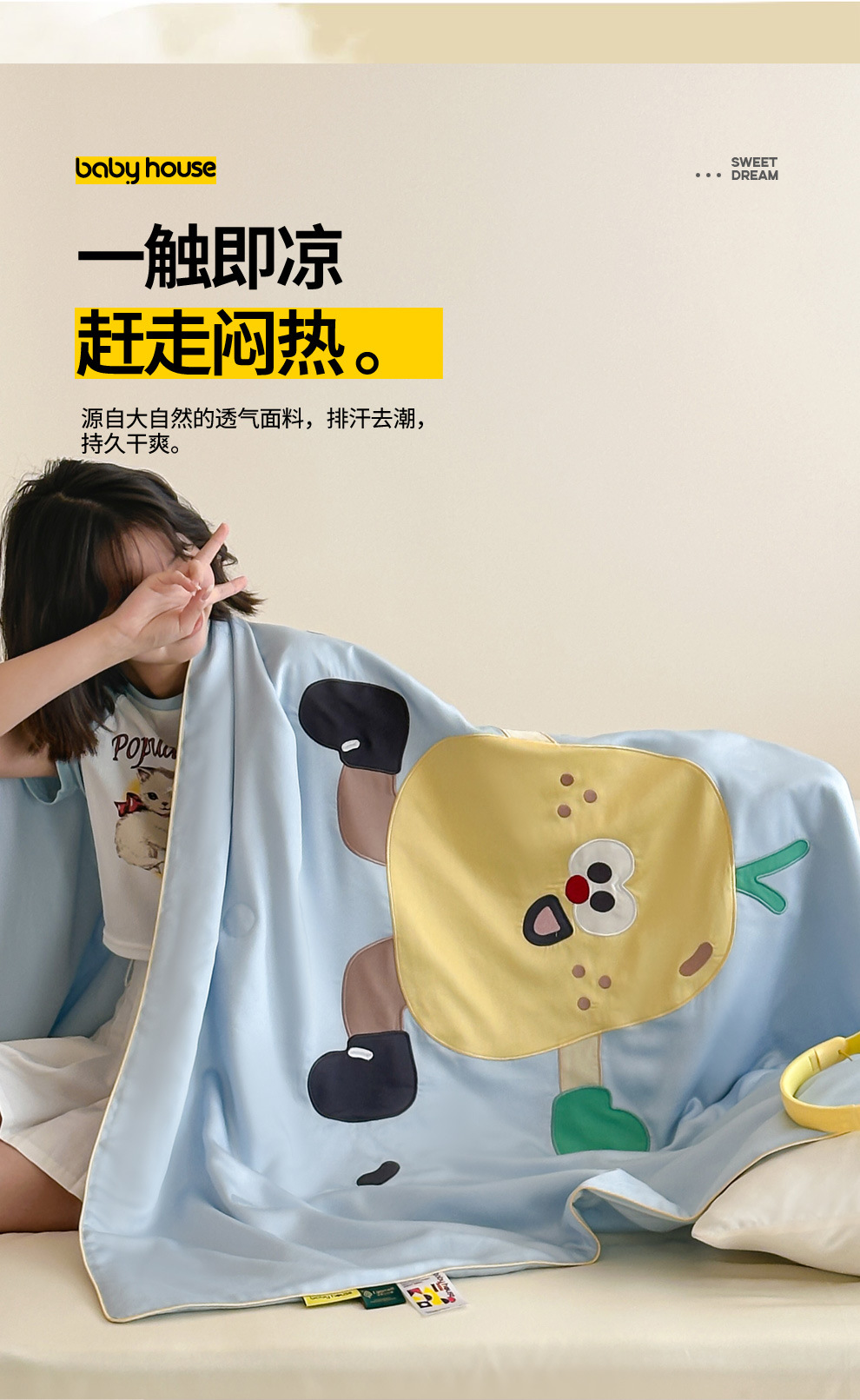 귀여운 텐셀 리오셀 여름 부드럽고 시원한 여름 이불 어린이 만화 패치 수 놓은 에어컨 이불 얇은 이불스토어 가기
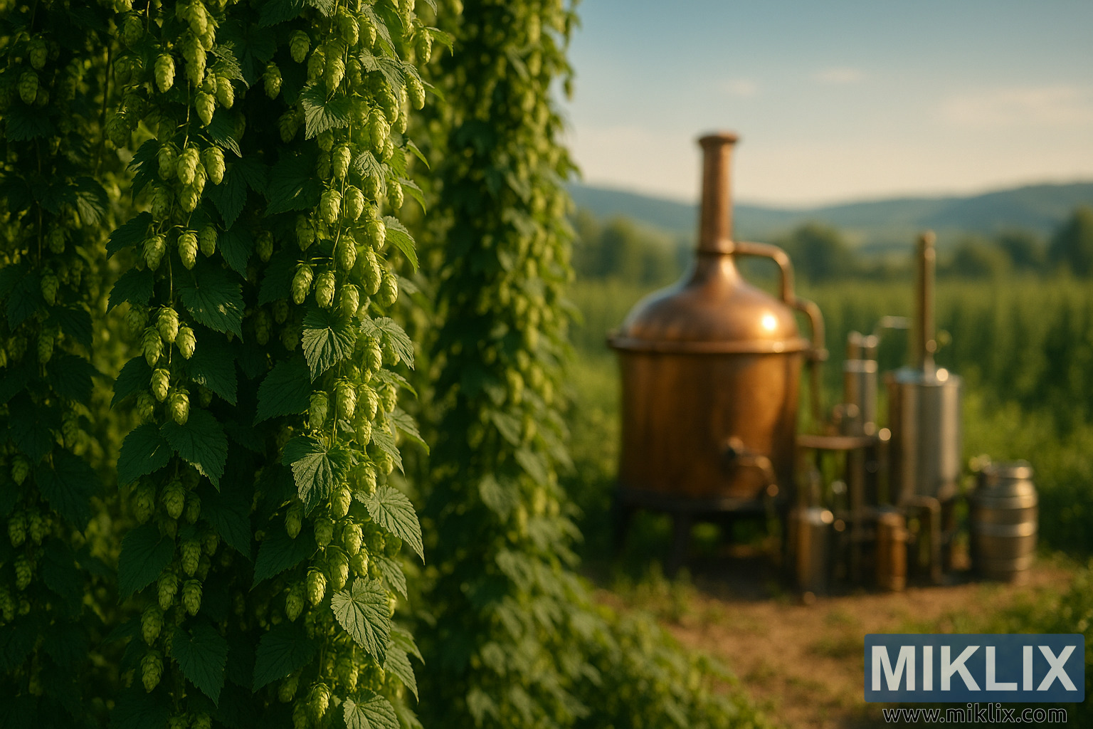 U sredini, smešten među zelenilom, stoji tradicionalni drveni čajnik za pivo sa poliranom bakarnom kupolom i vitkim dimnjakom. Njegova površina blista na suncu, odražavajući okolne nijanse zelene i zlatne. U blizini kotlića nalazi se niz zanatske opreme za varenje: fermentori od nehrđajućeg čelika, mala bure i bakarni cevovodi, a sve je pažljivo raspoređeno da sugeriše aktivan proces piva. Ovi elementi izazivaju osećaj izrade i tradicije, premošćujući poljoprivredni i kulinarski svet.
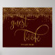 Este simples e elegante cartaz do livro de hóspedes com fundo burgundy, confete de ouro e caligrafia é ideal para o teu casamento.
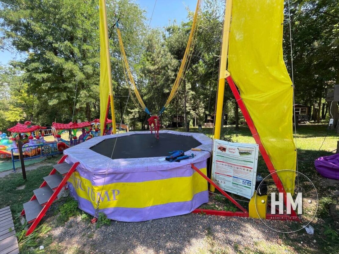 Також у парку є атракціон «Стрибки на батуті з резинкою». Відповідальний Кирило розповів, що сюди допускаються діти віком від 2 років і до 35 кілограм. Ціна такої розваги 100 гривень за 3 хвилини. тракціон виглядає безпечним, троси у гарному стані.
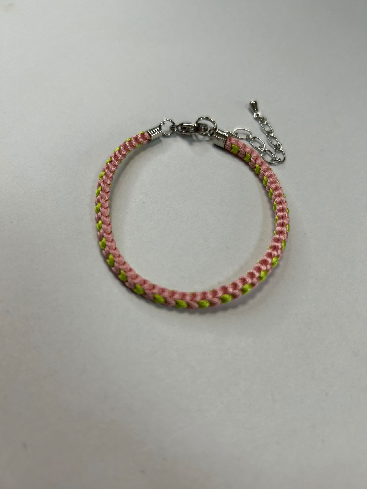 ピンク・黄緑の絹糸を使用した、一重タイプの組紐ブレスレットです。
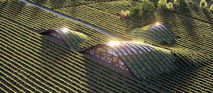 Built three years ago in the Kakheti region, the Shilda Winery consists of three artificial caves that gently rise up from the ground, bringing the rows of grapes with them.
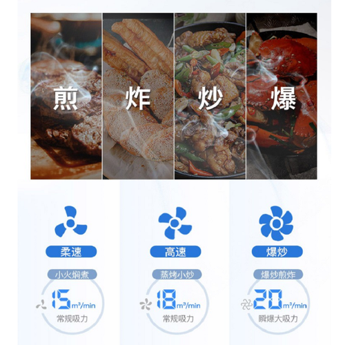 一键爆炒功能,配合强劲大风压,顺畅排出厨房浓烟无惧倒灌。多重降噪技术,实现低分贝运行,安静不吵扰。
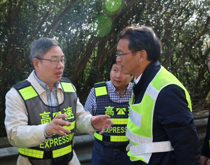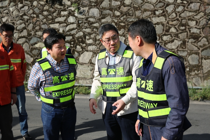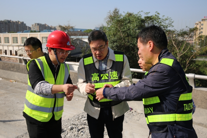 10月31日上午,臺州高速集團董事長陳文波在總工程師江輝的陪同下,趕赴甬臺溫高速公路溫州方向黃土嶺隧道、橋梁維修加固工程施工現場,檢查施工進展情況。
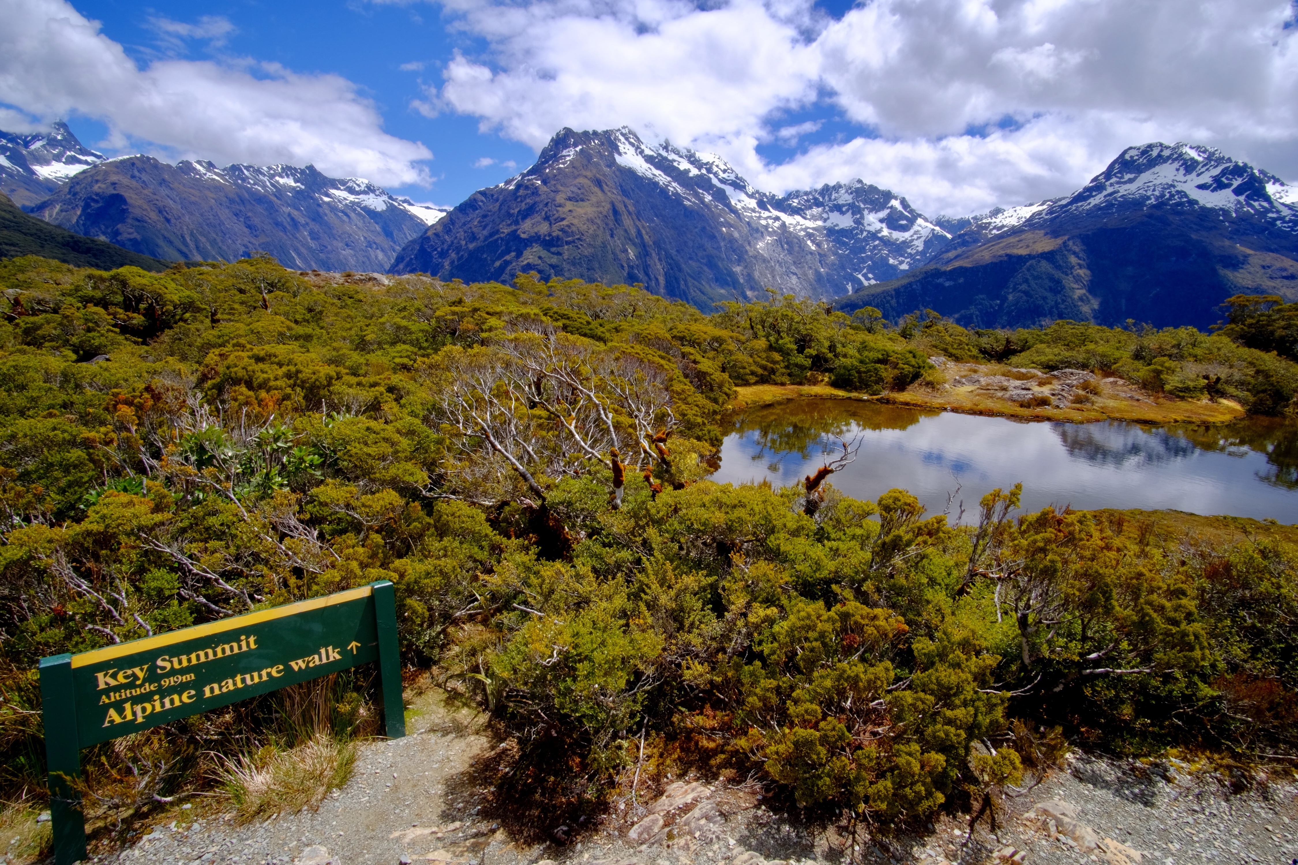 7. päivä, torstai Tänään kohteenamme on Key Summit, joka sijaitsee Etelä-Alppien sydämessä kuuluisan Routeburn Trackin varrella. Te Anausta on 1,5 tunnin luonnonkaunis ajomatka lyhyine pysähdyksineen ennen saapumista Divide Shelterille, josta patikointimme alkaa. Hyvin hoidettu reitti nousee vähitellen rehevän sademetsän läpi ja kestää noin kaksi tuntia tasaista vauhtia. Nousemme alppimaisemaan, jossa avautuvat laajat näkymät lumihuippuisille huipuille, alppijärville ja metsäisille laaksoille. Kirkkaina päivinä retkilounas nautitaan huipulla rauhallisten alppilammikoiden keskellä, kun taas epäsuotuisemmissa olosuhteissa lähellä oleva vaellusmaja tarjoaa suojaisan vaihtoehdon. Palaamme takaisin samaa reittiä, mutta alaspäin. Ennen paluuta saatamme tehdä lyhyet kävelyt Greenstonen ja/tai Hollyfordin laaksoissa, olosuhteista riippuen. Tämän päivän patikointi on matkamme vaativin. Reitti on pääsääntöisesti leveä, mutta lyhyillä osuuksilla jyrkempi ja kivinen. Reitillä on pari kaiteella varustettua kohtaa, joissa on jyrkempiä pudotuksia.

+ + + +

■ Directions for this task:
The answer should match the data above word for word, with no pictures in it.

■ Written response:
 귀여운 텐셀 리오셀 여름 부드럽고 시원한 여름 이불 어린이 만화 패치 수 놓은 에어컨 이불 얇은 이불스토어 가기
 U sredini, smešten među zelenilom, stoji tradicionalni drveni čajnik za pivo sa poliranom bakarnom kupolom i vitkim dimnjakom. Njegova površina blista na suncu, odražavajući okolne nijanse zelene i zlatne. U blizini kotlića nalazi se niz zanatske opreme za varenje: fermentori od nehrđajućeg čelika, mala bure i bakarni cevovodi, a sve je pažljivo raspoređeno da sugeriše aktivan proces piva. Ovi elementi izazivaju osećaj izrade i tradicije, premošćujući poljoprivredni i kulinarski svet.
 Este simples e elegante cartaz do livro de hóspedes com fundo burgundy, confete de ouro e caligrafia é ideal para o teu casamento.
 Також у парку є атракціон «Стрибки на батуті з резинкою». Відповідальний Кирило розповів, що сюди допускаються діти віком від 2 років і до 35 кілограм. Ціна такої розваги 100 гривень за 3 хвилини. тракціон виглядає безпечним, троси у гарному стані.
 ピンク・黄緑の絹糸を使用した、一重タイプの組紐ブレスレットです。
 Built three years ago in the Kakheti region, the Shilda Winery consists of three artificial caves that gently rise up from the ground, bringing the rows of grapes with them.
 一键爆炒功能,配合强劲大风压,顺畅排出厨房浓烟无惧倒灌。多重降噪技术,实现低分贝运行,安静不吵扰。
 10月31日上午,臺州高速集團董事長陳文波在總工程師江輝的陪同下,趕赴甬臺溫高速公路溫州方向黃土嶺隧道、橋梁維修加固工程施工現場,檢查施工進展情況。
 7. päivä, torstai Tänään kohteenamme on Key Summit, joka sijaitsee Etelä-Alppien sydämessä kuuluisan Routeburn Trackin varrella. Te Anausta on 1,5 tunnin luonnonkaunis ajomatka lyhyine pysähdyksineen ennen saapumista Divide Shelterille, josta patikointimme alkaa. Hyvin hoidettu reitti nousee vähitellen rehevän sademetsän läpi ja kestää noin kaksi tuntia tasaista vauhtia. Nousemme alppimaisemaan, jossa avautuvat laajat näkymät lumihuippuisille huipuille, alppijärville ja metsäisille laaksoille. Kirkkaina päivinä retkilounas nautitaan huipulla rauhallisten alppilammikoiden keskellä, kun taas epäsuotuisemmissa olosuhteissa lähellä oleva vaellusmaja tarjoaa suojaisan vaihtoehdon. Palaamme takaisin samaa reittiä, mutta alaspäin. Ennen paluuta saatamme tehdä lyhyet kävelyt Greenstonen ja/tai Hollyfordin laaksoissa, olosuhteista riippuen. Tämän päivän patikointi on matkamme vaativin. Reitti on pääsääntöisesti leveä, mutta lyhyillä osuuksilla jyrkempi ja kivinen. Reitillä on pari kaiteella varustettua kohtaa, joissa on jyrkempiä pudotuksia.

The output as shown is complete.